(Exercise prompt)
In the records below, repeat exactly the lines between the line holding "オヤジさんにとろろ蕎麦の食券" and the line holding "Dizajnové otočné výškovo", inclusive, and drop the pictures.
===== Available records =====
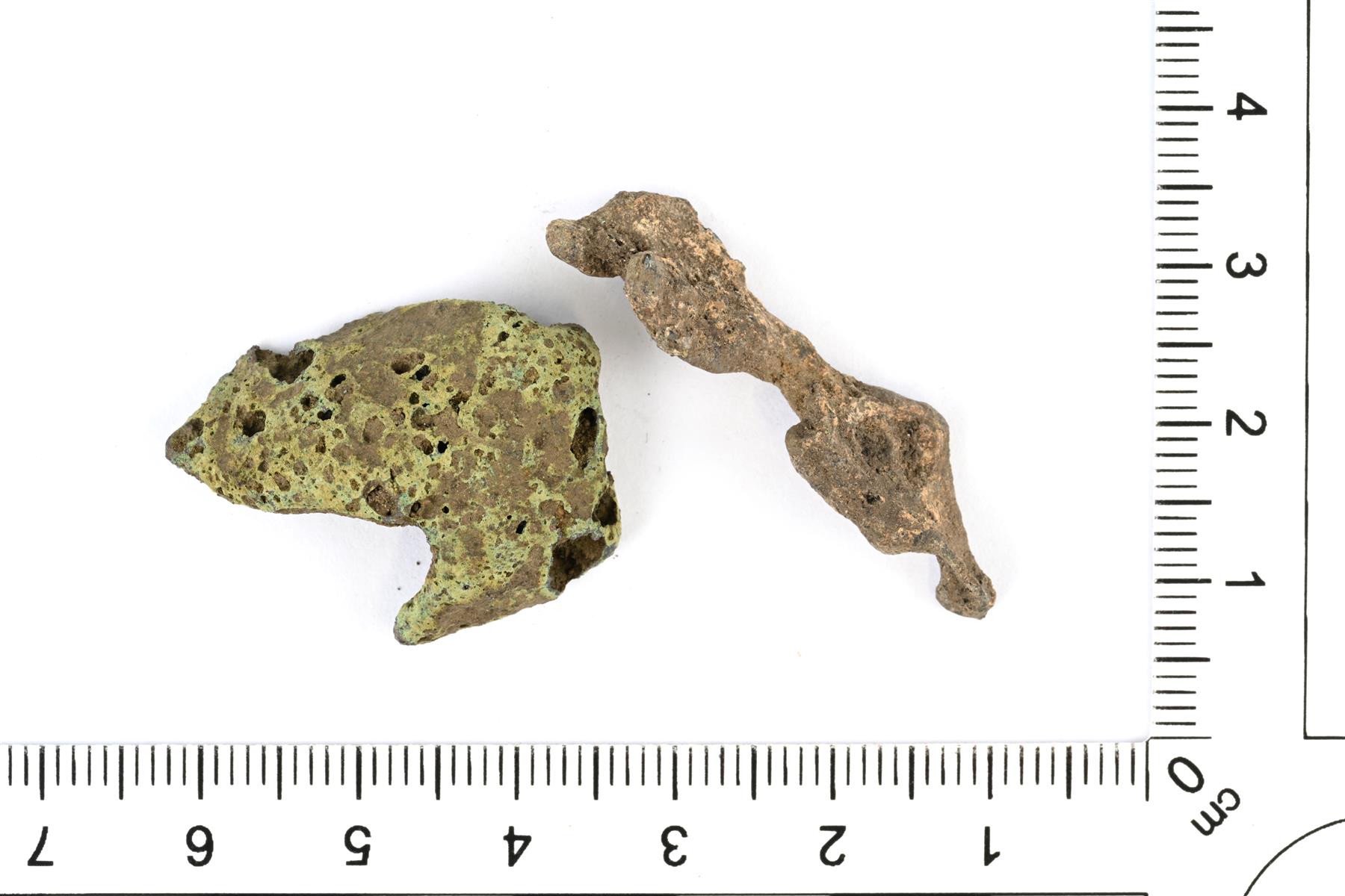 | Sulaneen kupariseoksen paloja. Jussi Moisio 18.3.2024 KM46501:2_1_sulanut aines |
=====
===== Available records =====
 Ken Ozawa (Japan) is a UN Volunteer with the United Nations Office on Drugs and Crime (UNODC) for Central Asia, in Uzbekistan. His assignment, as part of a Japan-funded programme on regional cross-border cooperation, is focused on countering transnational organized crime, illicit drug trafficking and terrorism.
=====
===== Available records =====
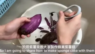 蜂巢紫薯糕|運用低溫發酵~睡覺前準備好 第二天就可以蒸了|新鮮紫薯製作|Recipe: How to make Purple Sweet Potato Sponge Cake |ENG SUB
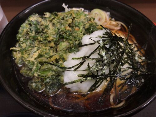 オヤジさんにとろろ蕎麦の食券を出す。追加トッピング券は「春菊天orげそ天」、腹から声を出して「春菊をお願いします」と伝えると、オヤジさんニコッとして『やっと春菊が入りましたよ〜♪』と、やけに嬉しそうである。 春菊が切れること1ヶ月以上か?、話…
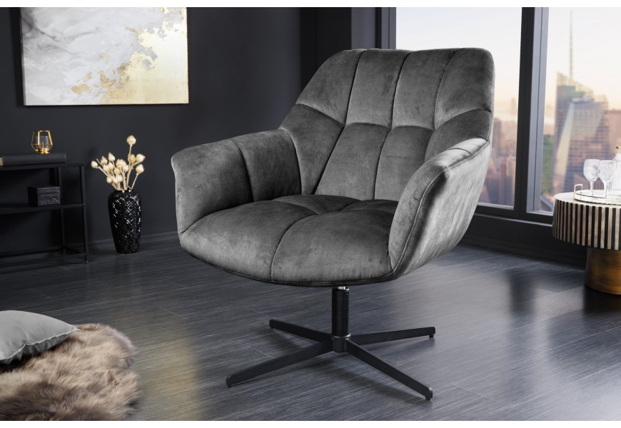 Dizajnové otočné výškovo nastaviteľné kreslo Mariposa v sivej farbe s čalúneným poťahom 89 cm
=====
(Response)
 オヤジさんにとろろ蕎麦の食券を出す。追加トッピング券は「春菊天orげそ天」、腹から声を出して「春菊をお願いします」と伝えると、オヤジさんニコッとして『やっと春菊が入りましたよ〜♪』と、やけに嬉しそうである。 春菊が切れること1ヶ月以上か?、話…
 Dizajnové otočné výškovo nastaviteľné kreslo Mariposa v sivej farbe s čalúneným poťahom 89 cm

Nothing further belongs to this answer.